## EXERCISE INSTRUCTIONS
In your copy of the data below, reproduce every entry exactly and omit the pictures.

(DATA TO PROCESS Opens)

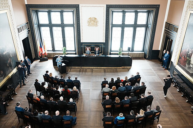 Prezident Petr Pavel společně s pražským primátorem Bohuslavem Svobodou debatuje se zastupiteli jednotlivých městských částí a zastupitelskými kluby v budově magistrátu. (27. června 2023)
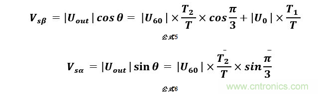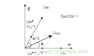 由8個(gè)基本電壓空間矢量可以合成任意定子電壓矢量。如圖4所示,以U0, U60扇區(qū)為例,若在一個(gè)PWM周期T內(nèi),同時(shí)輸出T1時(shí)間U0矢量和T2時(shí)間的U60矢量,則由矢量(T1/T)U0,(T2/T)U60可以合成給定的參考電壓矢量Uout。
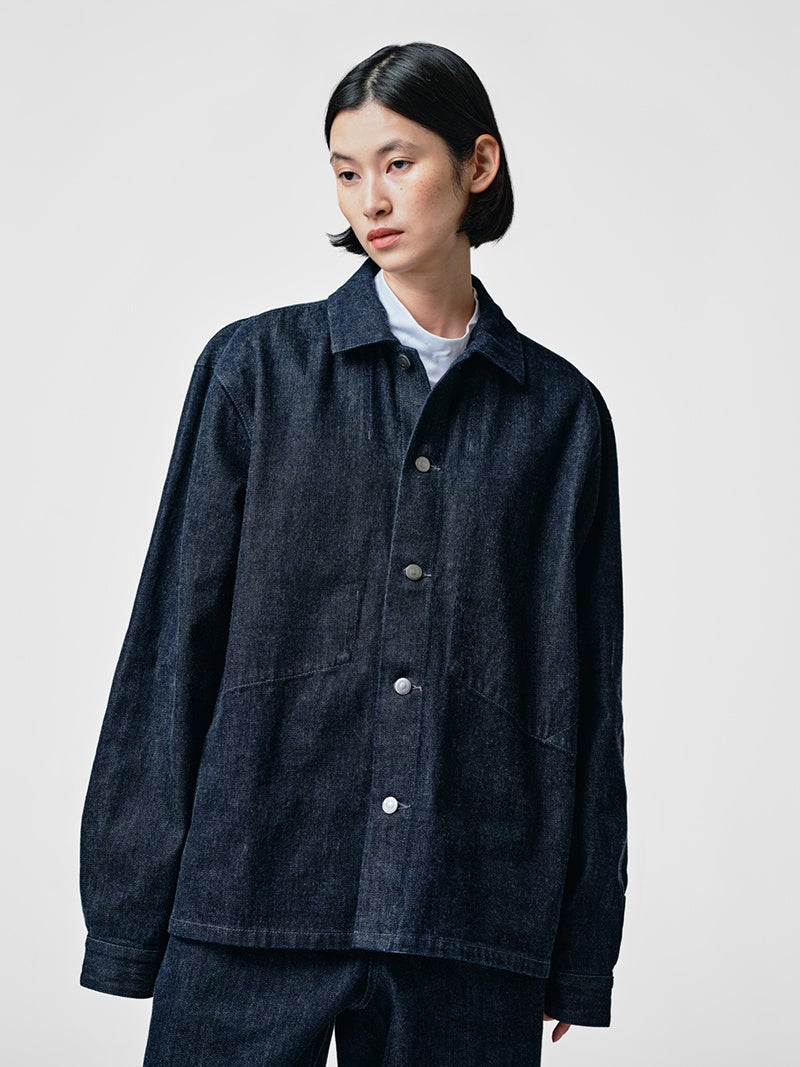 コットン素材をベースに、Brewed Protein™繊維をミックスした13オンスのデニム生地を採用。ややゆったりとしたサイズ感のボックスシルエットと、ジャケットとシャツの中間のようなデザインは共に汎用性が高くさまざまなアイテムとのコーディネートを可能にします。またデニムアイテムは、通常の製造工程よりも加工時に使用する水を約30%削減できる特殊なウォッシュ加工を施すなど、環境配慮の側面でさらなる可能性を引き出しています。
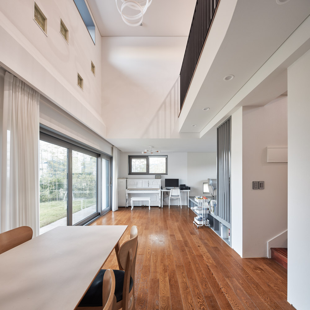 건물의 단면을 보았을 때, 1층에서 다락까지 연결된 공간이 있고 가족들이 각각 사용할 공간들은 개인 방 이외에는 모두 노출된다. 그리고 거실 한 공간으로 시선을 둘 수도 있다. 색이 있는 유리블록을 군데군데 벽에 넣어 공간을 다채롭게 만들고, 특별한 이목을 끌게 하였다.
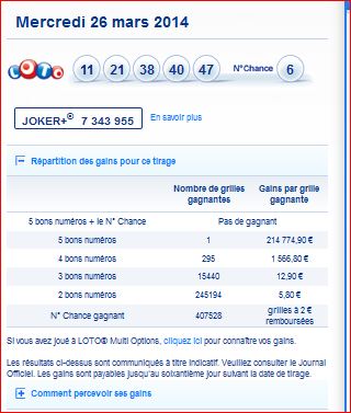 Loto tirage du Mercredi 26 mars 2014
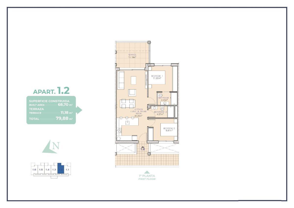 Ten nowoczesny apartament o powierzchni 80m2 zlokalizowany jest w pięknej okolicy, z przepięknym widokiem na pole golfowe i morze. Apartament składa się z dwóch sypialni, dwóch łazienek, przestronnego salonu z aneksem kuchennym oraz dużego tarasu, z którego rozciąga się zapierający dech w piersiach widok na otaczającą przyrodę.
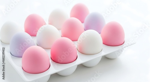 © MdTowhidul, Fototapeta premium Pastel-Colored Smooth Spheres in Tray: A Minimalist Composition with Pink, Purple, and White Tones on a Clean Surface.
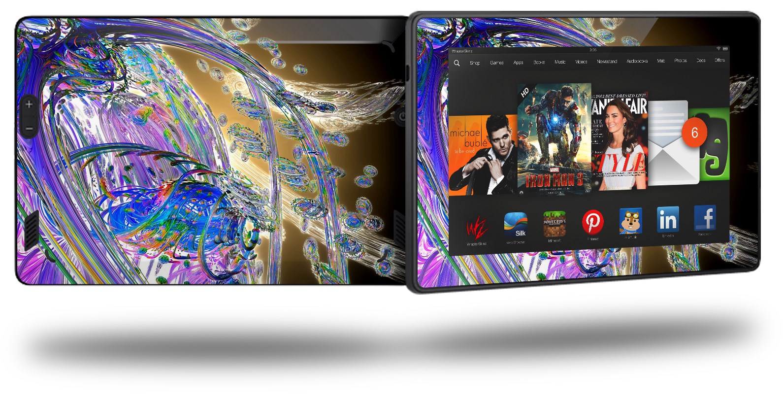 • Skin covers front and back of the Kindle.
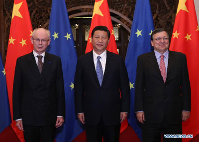 Сі Цзіньпін зазначив, що в якості найбільшої країни, що розвивається і найбільшої у світі спільноти розвинутих держав Китай і ЄС залишаються "двома провідними силами" для захисту миру на планеті. В якості двох важливих економік світу Китай і ЄС є "двома великими ринками", які сприяють спільному розвитку. Будучи важливими колисками східної та західної культур, Китай і ЄС є "двома великими цивілізаціями", що сприяють прогресу людства. На 3-му пленумі ЦК КПК 18-го скликання була розроблена комплексна програма з всебічного поглиблення реформ, країна просувається шляхом великого відродження китайської нації. Європейська інтеграція також стала мрією народів європейських країн, що прагнуть до довготривалого миру і процвітання протягом кількох століть. Сторони повинні поважати і підтримувати один одного, ставитися один до одного на основі рівноправності. Китай буде і надалі твердо підтримувати будівництво європейської інтеграції. Сторони повинні точно визначити китайсько-європейські всебічні відносини стратегічного партнерства, здійснити інноваційний розвиток в китайсько-європейському співробітництві, принести користь народам двох країн і зробити більший внесок у забезпечення миру і розвитку в усьому світі.

(DATA TO PROCESS Closes)

## WRITTEN ANSWER
 Prezident Petr Pavel společně s pražským primátorem Bohuslavem Svobodou debatuje se zastupiteli jednotlivých městských částí a zastupitelskými kluby v budově magistrátu. (27. června 2023)
 由8個(gè)基本電壓空間矢量可以合成任意定子電壓矢量。如圖4所示,以U0, U60扇區(qū)為例,若在一個(gè)PWM周期T內(nèi),同時(shí)輸出T1時(shí)間U0矢量和T2時(shí)間的U60矢量,則由矢量(T1/T)U0,(T2/T)U60可以合成給定的參考電壓矢量Uout。
 コットン素材をベースに、Brewed Protein™繊維をミックスした13オンスのデニム生地を採用。ややゆったりとしたサイズ感のボックスシルエットと、ジャケットとシャツの中間のようなデザインは共に汎用性が高くさまざまなアイテムとのコーディネートを可能にします。またデニムアイテムは、通常の製造工程よりも加工時に使用する水を約30%削減できる特殊なウォッシュ加工を施すなど、環境配慮の側面でさらなる可能性を引き出しています。
 건물의 단면을 보았을 때, 1층에서 다락까지 연결된 공간이 있고 가족들이 각각 사용할 공간들은 개인 방 이외에는 모두 노출된다. 그리고 거실 한 공간으로 시선을 둘 수도 있다. 색이 있는 유리블록을 군데군데 벽에 넣어 공간을 다채롭게 만들고, 특별한 이목을 끌게 하였다.
 Loto tirage du Mercredi 26 mars 2014
 Ten nowoczesny apartament o powierzchni 80m2 zlokalizowany jest w pięknej okolicy, z przepięknym widokiem na pole golfowe i morze. Apartament składa się z dwóch sypialni, dwóch łazienek, przestronnego salonu z aneksem kuchennym oraz dużego tarasu, z którego rozciąga się zapierający dech w piersiach widok na otaczającą przyrodę.
 © MdTowhidul, Fototapeta premium Pastel-Colored Smooth Spheres in Tray: A Minimalist Composition with Pink, Purple, and White Tones on a Clean Surface.
 • Skin covers front and back of the Kindle.
 Сі Цзіньпін зазначив, що в якості найбільшої країни, що розвивається і найбільшої у світі спільноти розвинутих держав Китай і ЄС залишаються "двома провідними силами" для захисту миру на планеті. В якості двох важливих економік світу Китай і ЄС є "двома великими ринками", які сприяють спільному розвитку. Будучи важливими колисками східної та західної культур, Китай і ЄС є "двома великими цивілізаціями", що сприяють прогресу людства. На 3-му пленумі ЦК КПК 18-го скликання була розроблена комплексна програма з всебічного поглиблення реформ, країна просувається шляхом великого відродження китайської нації. Європейська інтеграція також стала мрією народів європейських країн, що прагнуть до довготривалого миру і процвітання протягом кількох століть. Сторони повинні поважати і підтримувати один одного, ставитися один до одного на основі рівноправності. Китай буде і надалі твердо підтримувати будівництво європейської інтеграції. Сторони повинні точно визначити китайсько-європейські всебічні відносини стратегічного партнерства, здійснити інноваційний розвиток в китайсько-європейському співробітництві, принести користь народам двох країн і зробити більший внесок у забезпечення миру і розвитку в усьому світі.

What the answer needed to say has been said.